___ Records provided

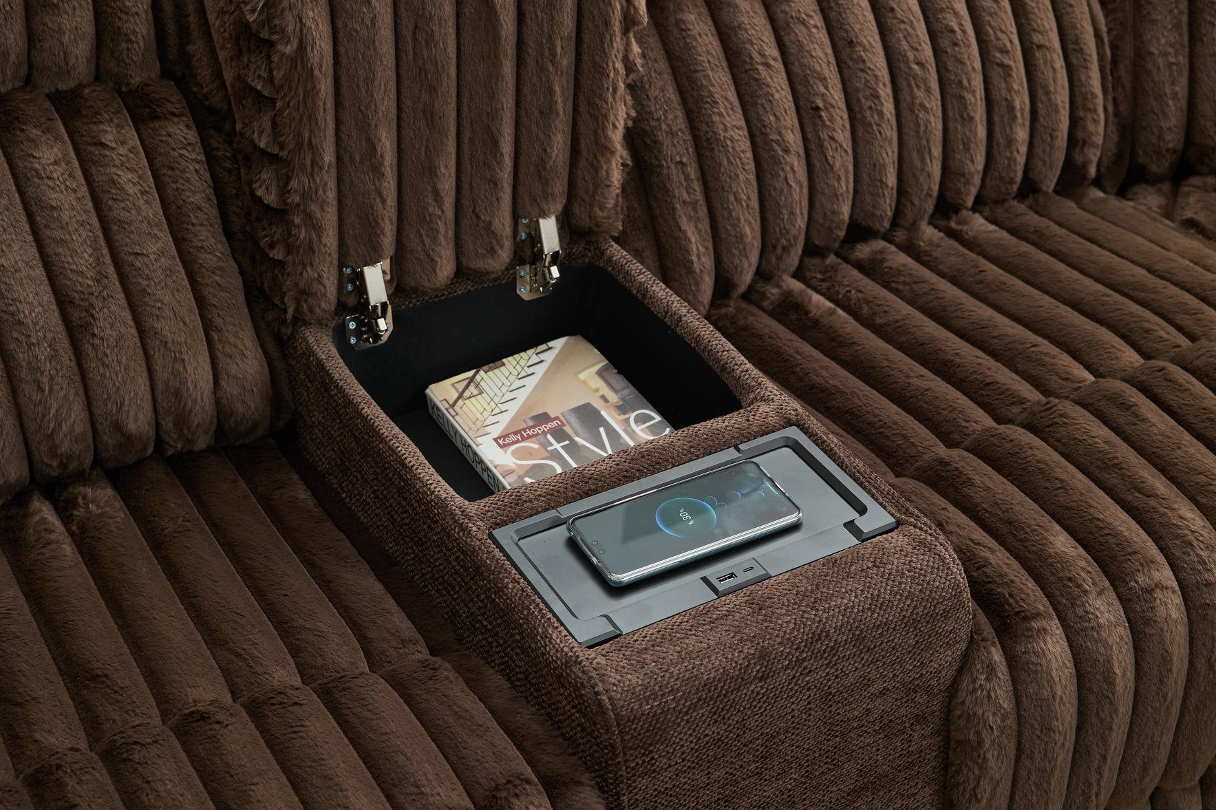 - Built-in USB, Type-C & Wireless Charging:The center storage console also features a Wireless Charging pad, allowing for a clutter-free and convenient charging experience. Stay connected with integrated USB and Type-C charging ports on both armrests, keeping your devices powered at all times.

______
___ Records provided

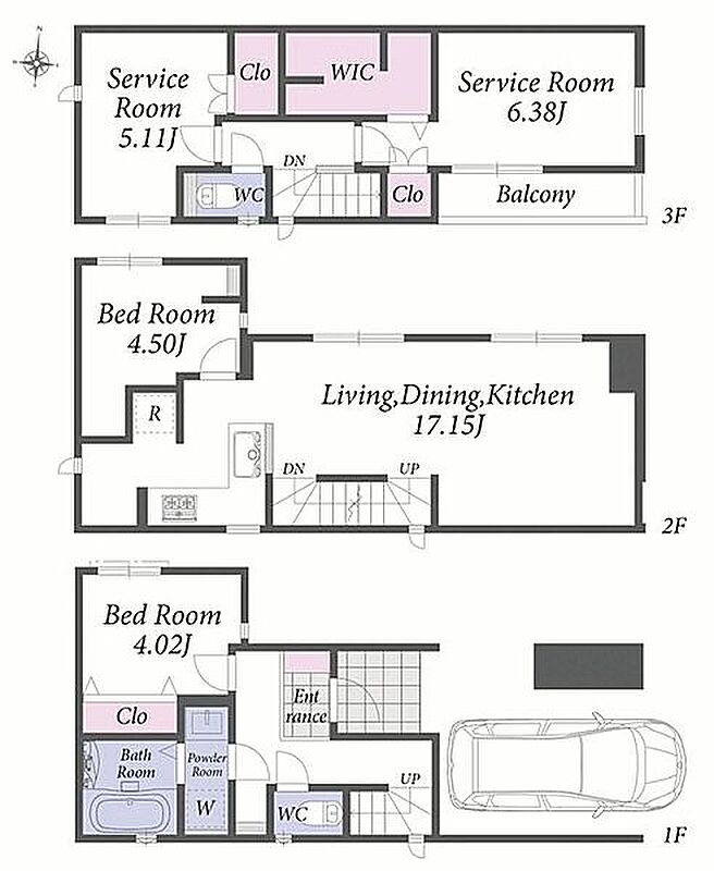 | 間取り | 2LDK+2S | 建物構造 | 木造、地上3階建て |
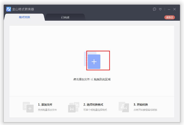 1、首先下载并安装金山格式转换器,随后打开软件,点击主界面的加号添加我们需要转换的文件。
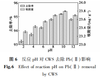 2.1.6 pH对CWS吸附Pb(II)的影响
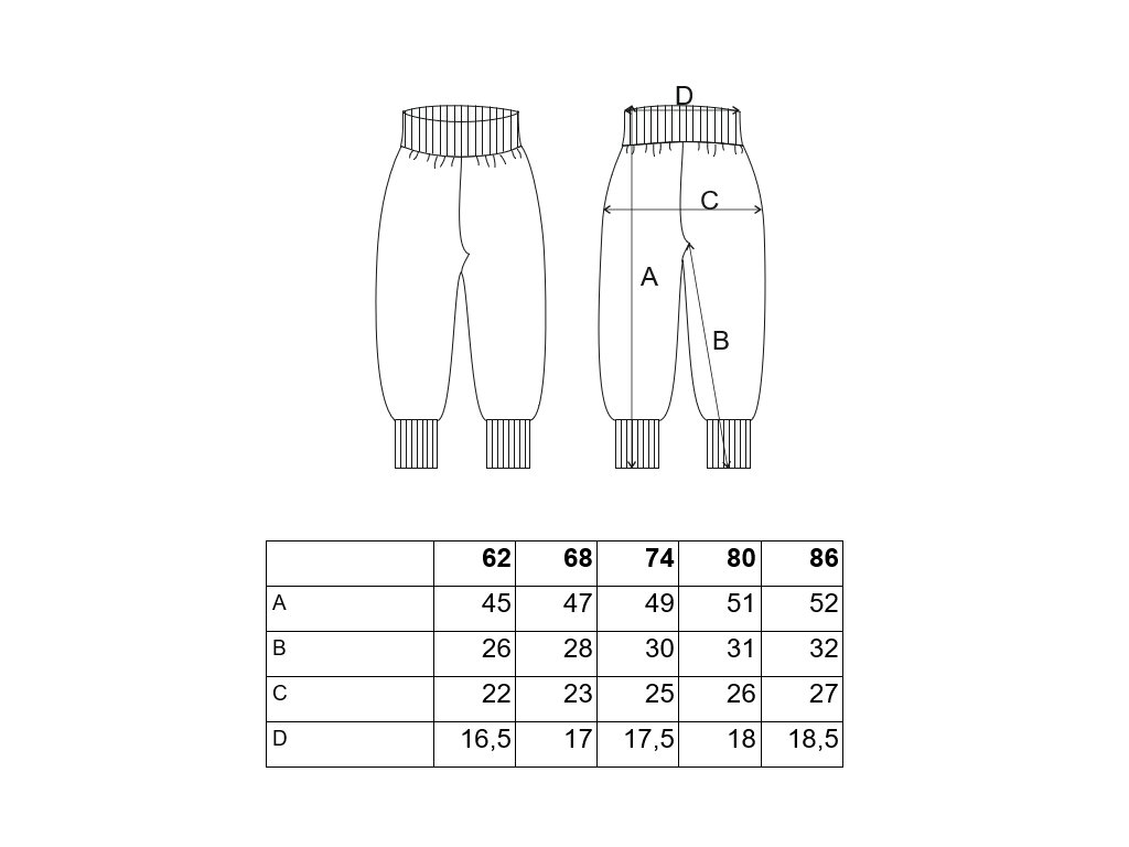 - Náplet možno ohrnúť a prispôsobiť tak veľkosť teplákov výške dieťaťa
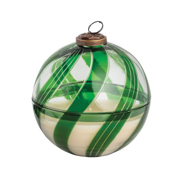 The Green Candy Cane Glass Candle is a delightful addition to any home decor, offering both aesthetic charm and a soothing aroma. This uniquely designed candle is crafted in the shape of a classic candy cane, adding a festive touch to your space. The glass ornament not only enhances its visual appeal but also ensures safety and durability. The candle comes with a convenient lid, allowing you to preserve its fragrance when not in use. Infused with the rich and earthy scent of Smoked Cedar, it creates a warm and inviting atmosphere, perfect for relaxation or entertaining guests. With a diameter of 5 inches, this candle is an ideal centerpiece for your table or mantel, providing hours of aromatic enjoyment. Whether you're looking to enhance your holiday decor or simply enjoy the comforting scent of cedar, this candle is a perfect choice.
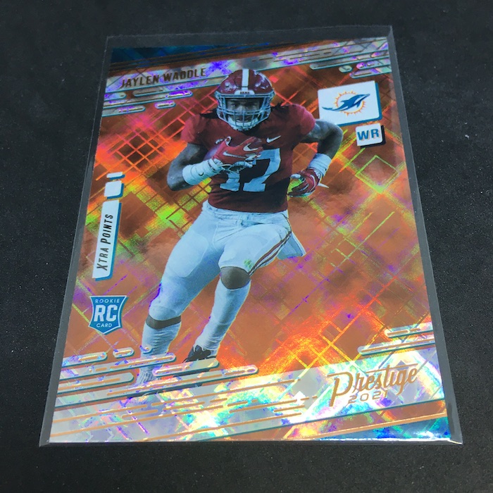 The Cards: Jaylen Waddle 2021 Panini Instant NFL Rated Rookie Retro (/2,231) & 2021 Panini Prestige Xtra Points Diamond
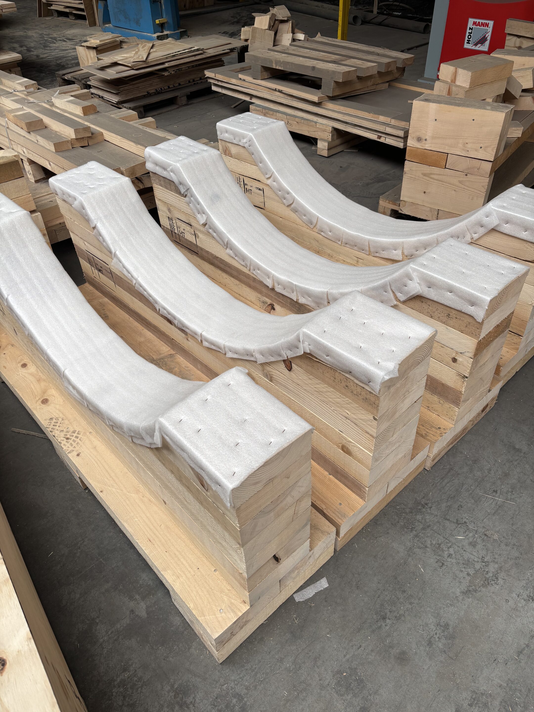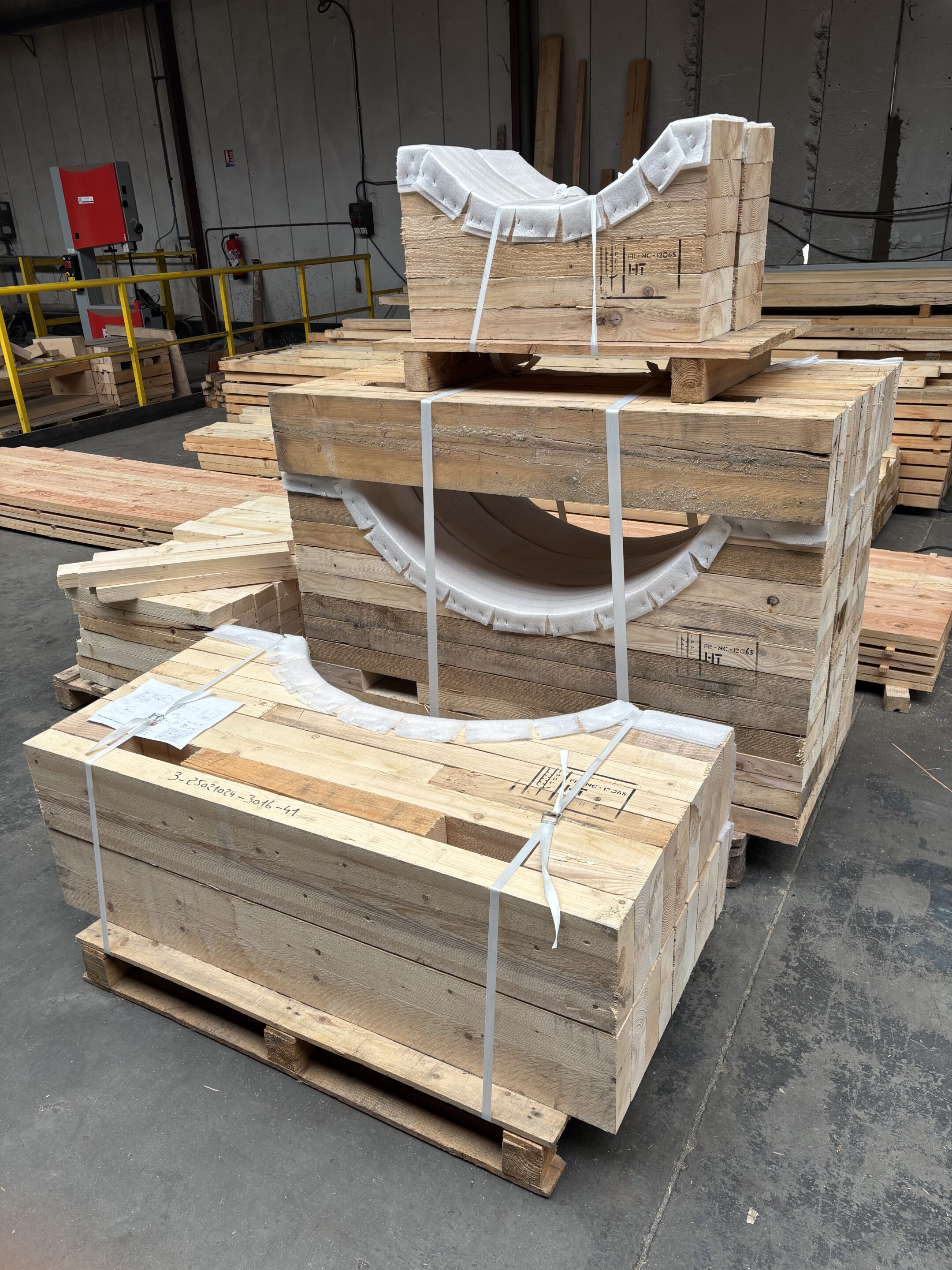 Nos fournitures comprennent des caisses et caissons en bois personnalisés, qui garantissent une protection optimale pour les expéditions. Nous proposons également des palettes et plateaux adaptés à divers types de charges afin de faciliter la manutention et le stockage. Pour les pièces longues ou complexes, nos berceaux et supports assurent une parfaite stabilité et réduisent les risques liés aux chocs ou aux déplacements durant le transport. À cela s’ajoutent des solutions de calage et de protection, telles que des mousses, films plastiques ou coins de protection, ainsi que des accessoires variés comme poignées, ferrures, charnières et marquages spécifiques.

______
___ Records provided

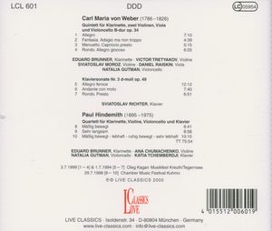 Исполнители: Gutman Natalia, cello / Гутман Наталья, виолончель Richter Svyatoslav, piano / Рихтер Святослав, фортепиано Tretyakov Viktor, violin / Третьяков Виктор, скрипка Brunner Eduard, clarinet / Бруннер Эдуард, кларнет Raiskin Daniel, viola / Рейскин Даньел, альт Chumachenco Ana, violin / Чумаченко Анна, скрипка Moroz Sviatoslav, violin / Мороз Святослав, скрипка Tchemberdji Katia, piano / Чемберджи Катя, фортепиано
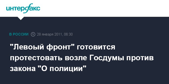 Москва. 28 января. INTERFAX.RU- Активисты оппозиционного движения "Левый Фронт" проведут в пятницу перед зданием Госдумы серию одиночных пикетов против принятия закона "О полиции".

______

What is required: What should come back is an exact copy of the lines above from the line with "2.1.6 pH对CWS吸附Pb(II)的影响" to the line with "The Cards: Jaylen", both included, minus the pictures.

Exercise output:
 2.1.6 pH对CWS吸附Pb(II)的影响
 - Náplet možno ohrnúť a prispôsobiť tak veľkosť teplákov výške dieťaťa
 The Green Candy Cane Glass Candle is a delightful addition to any home decor, offering both aesthetic charm and a soothing aroma. This uniquely designed candle is crafted in the shape of a classic candy cane, adding a festive touch to your space. The glass ornament not only enhances its visual appeal but also ensures safety and durability. The candle comes with a convenient lid, allowing you to preserve its fragrance when not in use. Infused with the rich and earthy scent of Smoked Cedar, it creates a warm and inviting atmosphere, perfect for relaxation or entertaining guests. With a diameter of 5 inches, this candle is an ideal centerpiece for your table or mantel, providing hours of aromatic enjoyment. Whether you're looking to enhance your holiday decor or simply enjoy the comforting scent of cedar, this candle is a perfect choice.
 The Cards: Jaylen Waddle 2021 Panini Instant NFL Rated Rookie Retro (/2,231) & 2021 Panini Prestige Xtra Points Diamond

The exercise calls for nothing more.